Below is an overview of changes to be aware of to ensure your plans are in compliance with the SECURE Act 2.0 as well as with Employee Retirement Income Security Act of 1974 (ERISA). 

Automatic Enrollment

New 401(k) and 403(b) plans adopted after Dec. 29, 2022, must automatically enroll eligible participants, offering them an initial deferral percentage between 3% and 10% of compensation. Businesses or organizations exempt from this provision include: 

  • Small businesses (10 or fewer employees)
  • New businesses (in operation for less than three years)
  • Church or governmental plans

Note, plan sponsors must escalate automatic contributions by least 1% annually until it reaches at least 10% (but no more than 15%), if not initially offered. Participants may opt out of automatic enrollment or escalation at any time.

Changes to Long-term, Part-Time Employees

The original SECURE Act passed in 2019 required employers to include long-term, part-time employees in their 401(k) plans, if they worked at least 500 hours per year for at least three consecutive years. 
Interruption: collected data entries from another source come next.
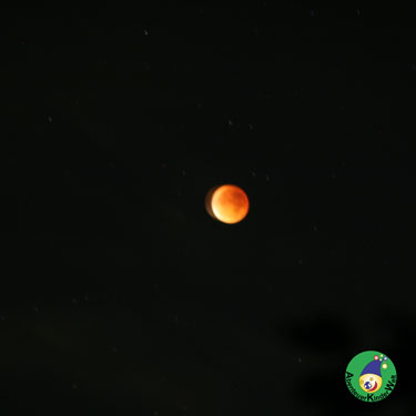 Die Malgeschichte auswendig sprechen und schon kann der Vollmond oder hier bei unserem Beispiel der "Blutmond" aufs Papier gezaubert werden. Die Geschichte solange wiederholen, bis der Mond zur Zufriedenheit der kleinen Künstler ausgefallen ist. Wie auf den Fotos kann er auch mal etwas wolkiger werden oder einen Zwilling haben.
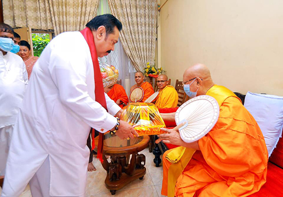 අග්රාමාත්ය මහින්ද රාජපක්ෂ මහතා නාරාහේන්පිට අභයාරාම විහාරස්ථානය වෙත ගොස් විහාරාධිපති බස්නාහිර පළාතේ ප්රධාන සංඝනායක පූජ්ය මුරුත්තෙට්ටුවේ ආනන්ද හිමි බැහැ දැක ආශිර්වාද ලබාගෙන තිබේ.
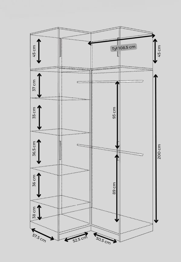 - Szafa narożna Bali to inteligentne i stylowe rozwiązanie, idealne do optymalnego wykorzystania przestrzeni w narożnikach pomieszczeń.
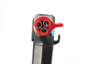 Вставьте открывающие ключи iFixit между каждым фиксирующим зажимом и тяговой ручкой, чтобы предотвратить повторное закрепление.
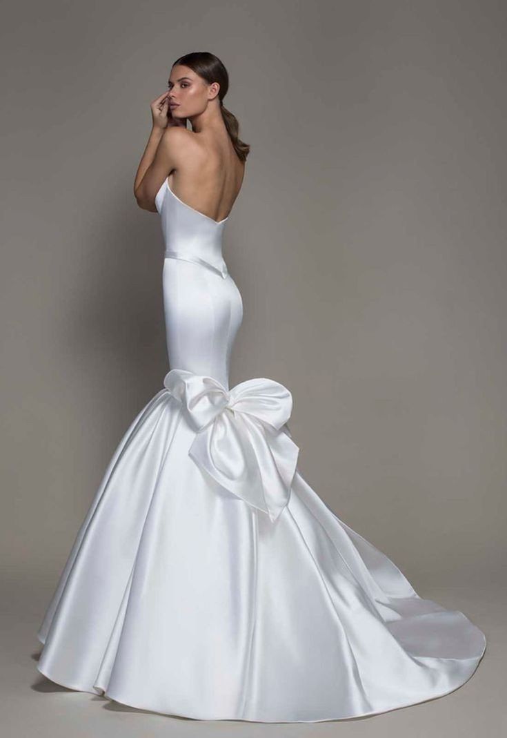 In this image, romance meets timeless chic. The soft sweetheart neckline and the classic mermaid silhouette are enhanced by a dramatic bow, adding a touch of aesthetic grace. This gown captures the delicate balance between tradition and modernity, perfect for the bride who cherishes both.
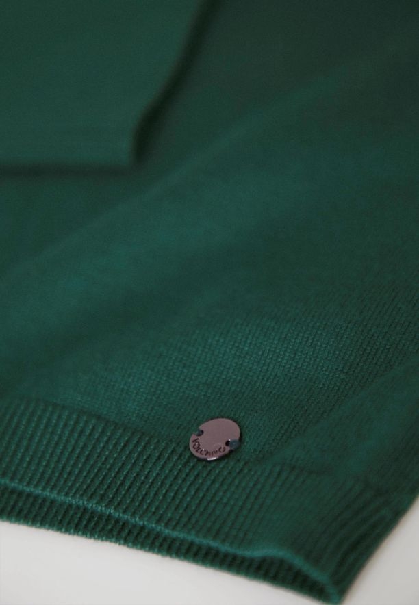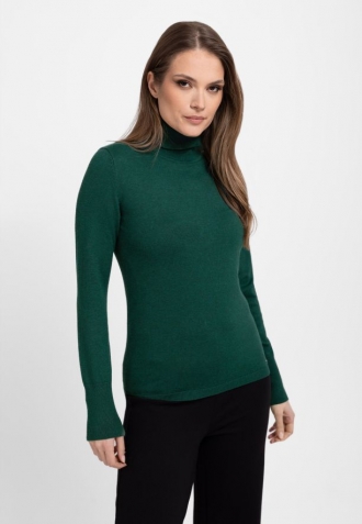 Zelený svetr s rolákem má přiléhavý střih a podtrhuje postavu. Rukávy jsou zakončeny širokými, žebrovanými manžetami. Celý střih je jednoduchý, elegantní a doplněný bižuterním detailem Volcano.
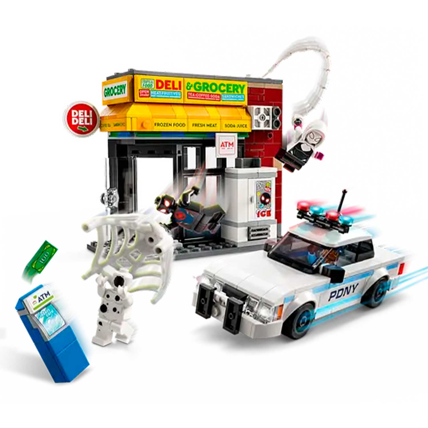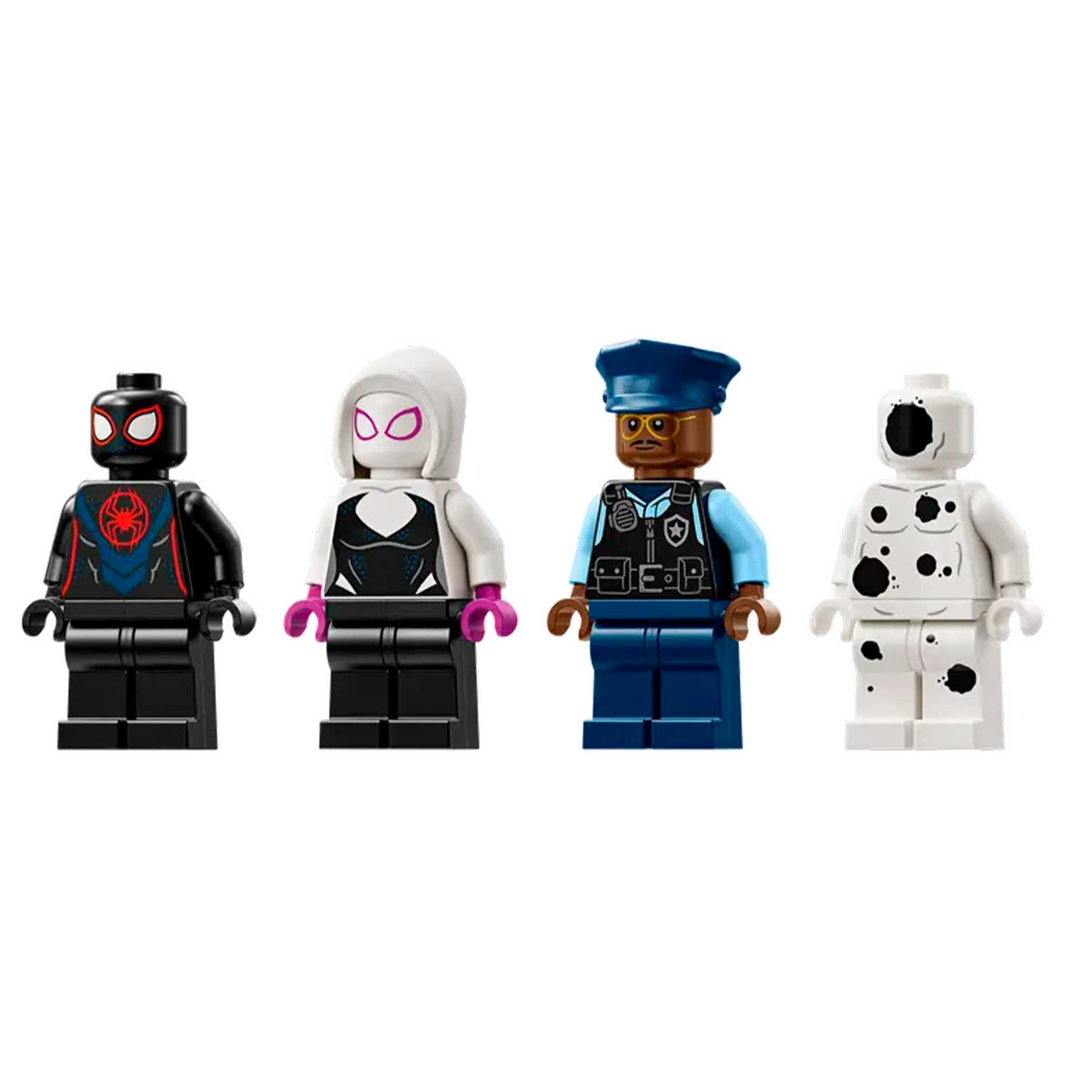 - 4 минифигурки LEGO Marvel: Майлз Моралес, Спот, Гвен Стейси и офицер Джефферсон, а также аксессуары, включая длинную гибкую веревку-паутину и гибкую паутину, которая достаточно велика, чтобы поместить минифигурку
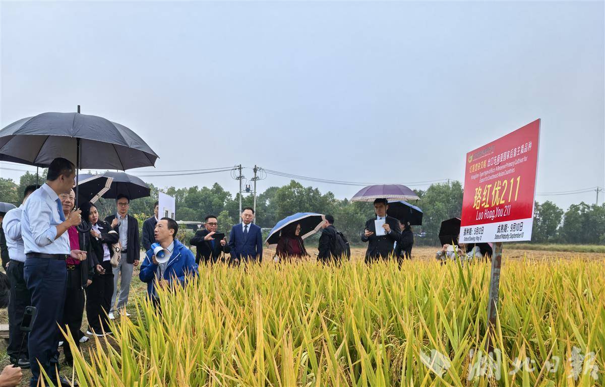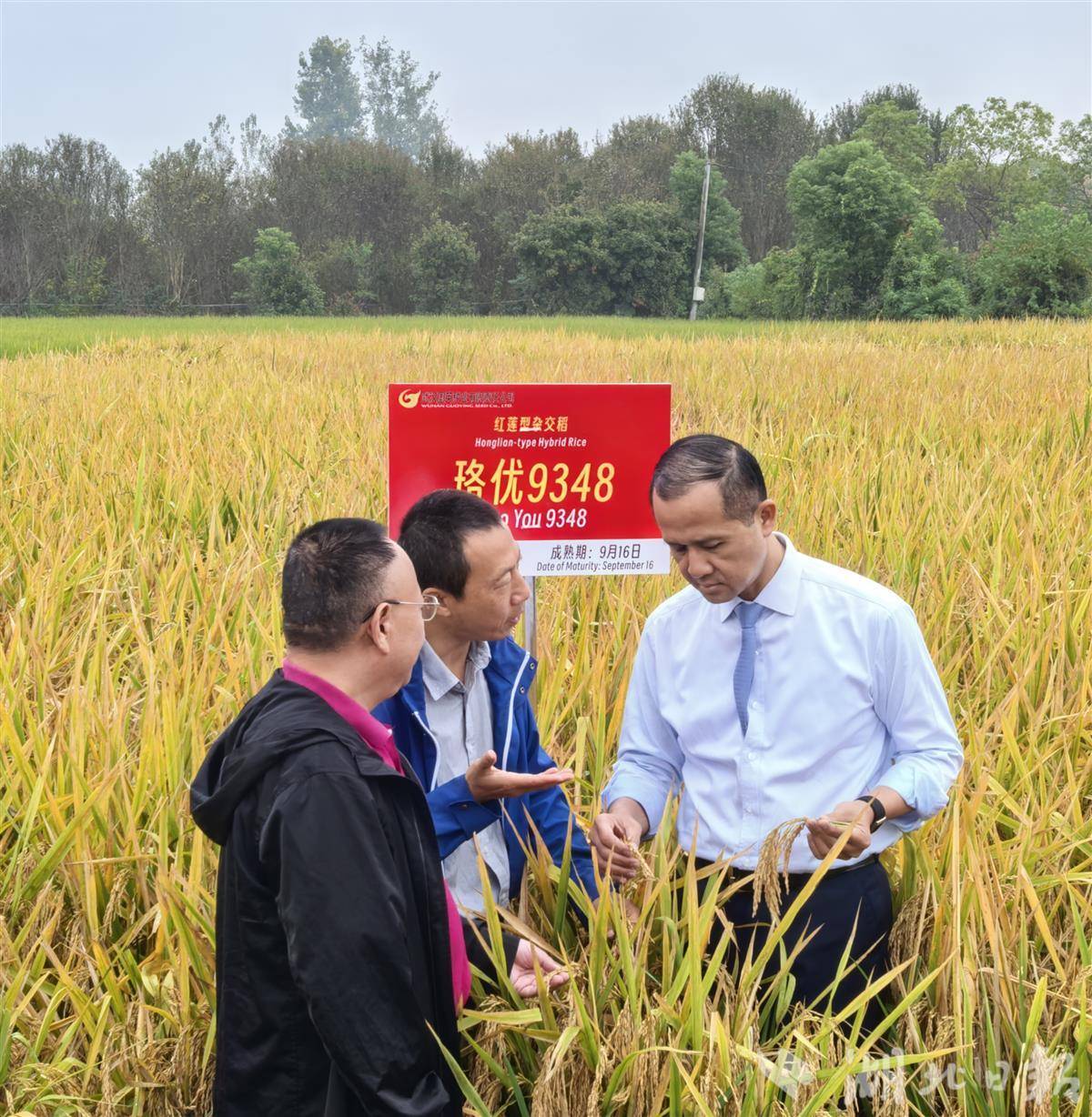 湖北日報訊(記者崔逾瑜、通訊員項俊平)10月15日,印度尼西亞人口流動部部長穆罕默德·伊夫提塔赫·蘇萊曼一行21人,前往武漢國英種業有限公司雜交水稻科研展示基地考察紅蓮型雜交水稻新品種。
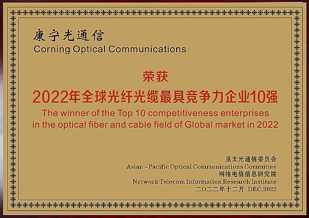 近日,在由亚太光通信委员会和网络电信信息研究院联合主办的《全球|中国光通信最具竞争力企业10强》评选活动中,康宁荣获《2022年全球光纤光缆最具竞争力企业10强》、《2022年中国光通信市场最具品牌竞争力企业10强》等荣誉。
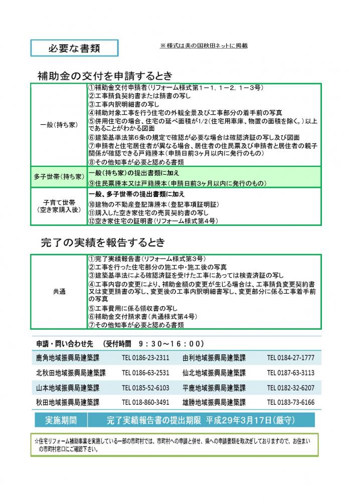 内容は昨年同様で50万円以上のリフォーム工事に対して対象工事金額の10%(上限15万円)を秋田県から補助してもらえるというものです。
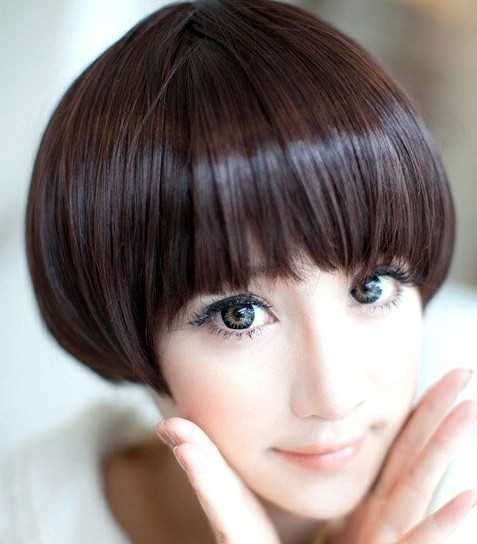 时尚柔顺短发发型,深棕色的染发让这款蘑菇头呈现出完美的光泽感,碎薄修剪的刘海下,又是修饰了圆脸作用,大眼的妹子也是瞬间变得精灵可爱起来。
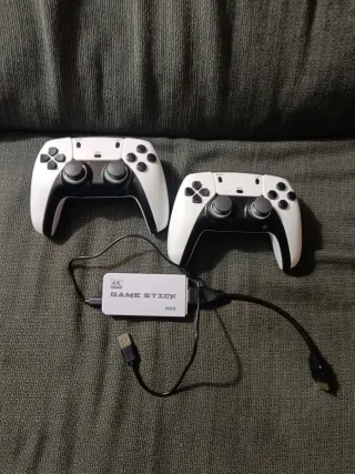 NO ENVIO Consola retro GAME STICK PRO con dos mandos. - Diseño moderno en blanco y negro. - Incluye cableado para conexión.
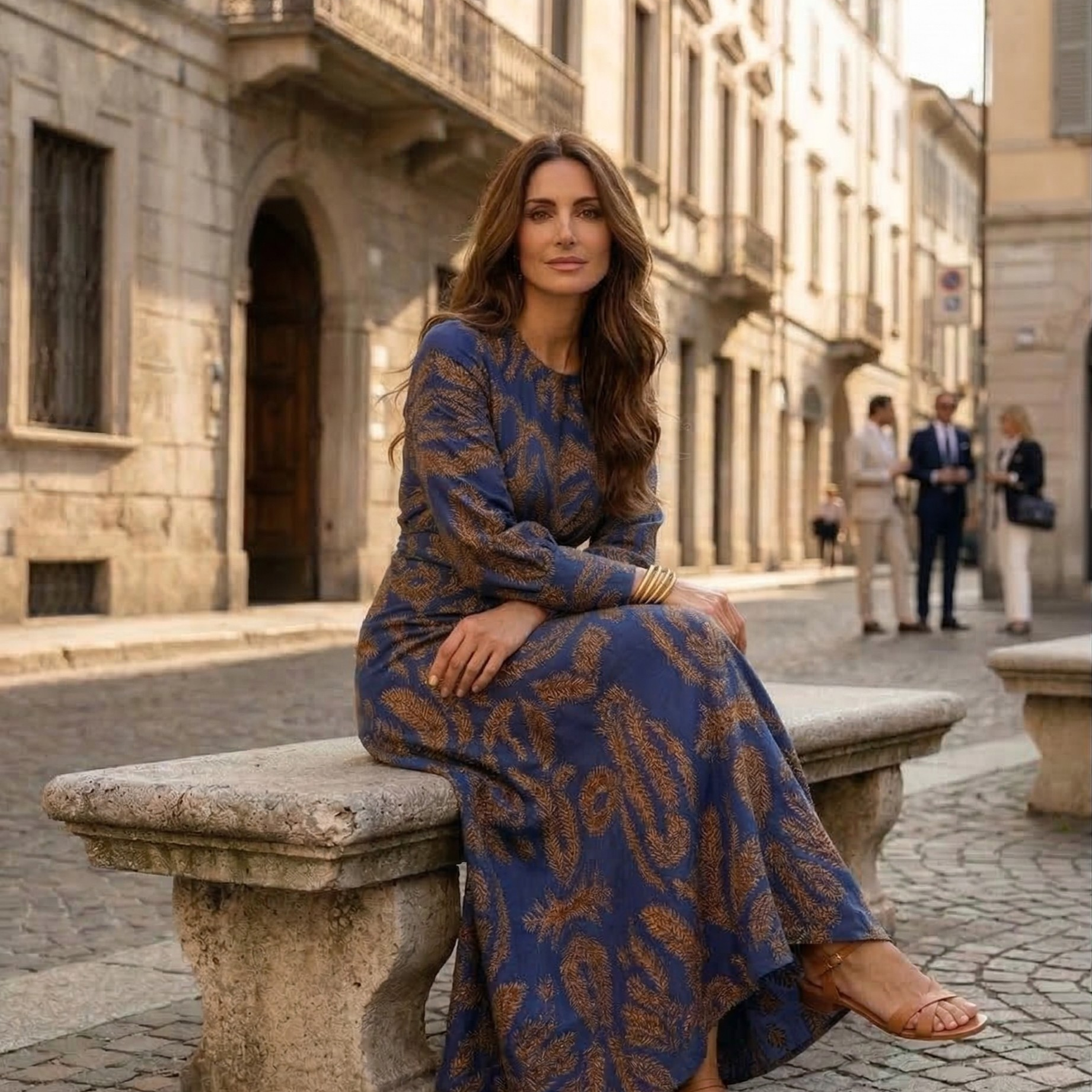 Isadora – Vestido Midi Elegante com Impressão Artística
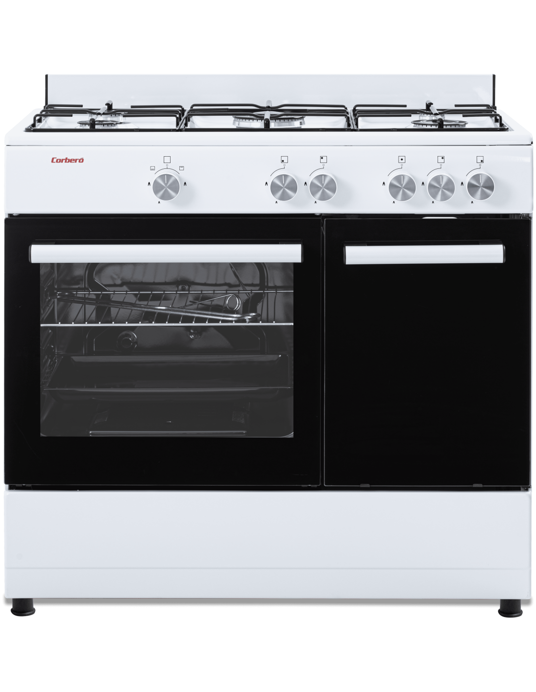 Cocina conv. Corbero CC510GB90W, 60L, Gas Butano, Color Blanco, 5 Fuegos, Wok a la Izquierda, Porta bombona, Cajón Calientaplatos, Tapa Fogones de Cristal, Puerta Horno Doble Cristal, Bandeja y Parrillas Extra Thick Mate
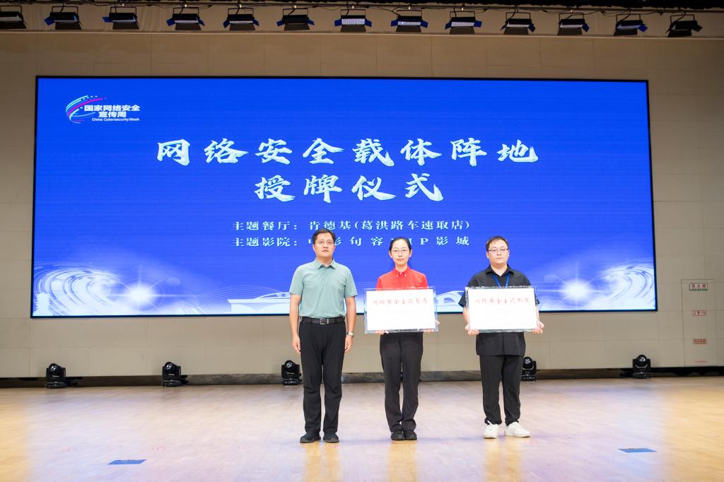 网络安全宣传周启动仪式上,曹仁勇代表学院致辞,希望将以此活动为契机,深化与句容市的“政校地”合作,将网络安全教育融入人才培养全过程,致力培养“懂农业、善数字、守安全”的复合型人才,共同守护数字时代的“绿水青山”。胡光亮为主题餐厅及影院授牌。
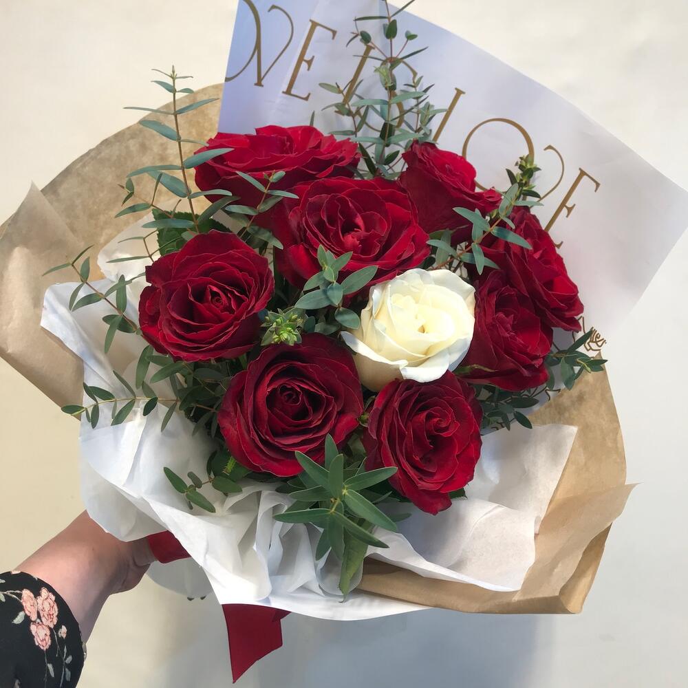 Букет из красных роз, белой розы и эвкалипта

The SECURE Act 2.0 shortened the eligibility service period to two consecutive 12-month periods for plan years beginning after Dec. 31, 2024, plus extended the long-term, part-time employee provision to 403(b) plans subject to ERISA. Keep in mind, employee service performed before Jan.1, 2021, is disregarded for both eligibility and vesting purposes, plus the employee must be at least 21 years old at the end of the required time period to qualify.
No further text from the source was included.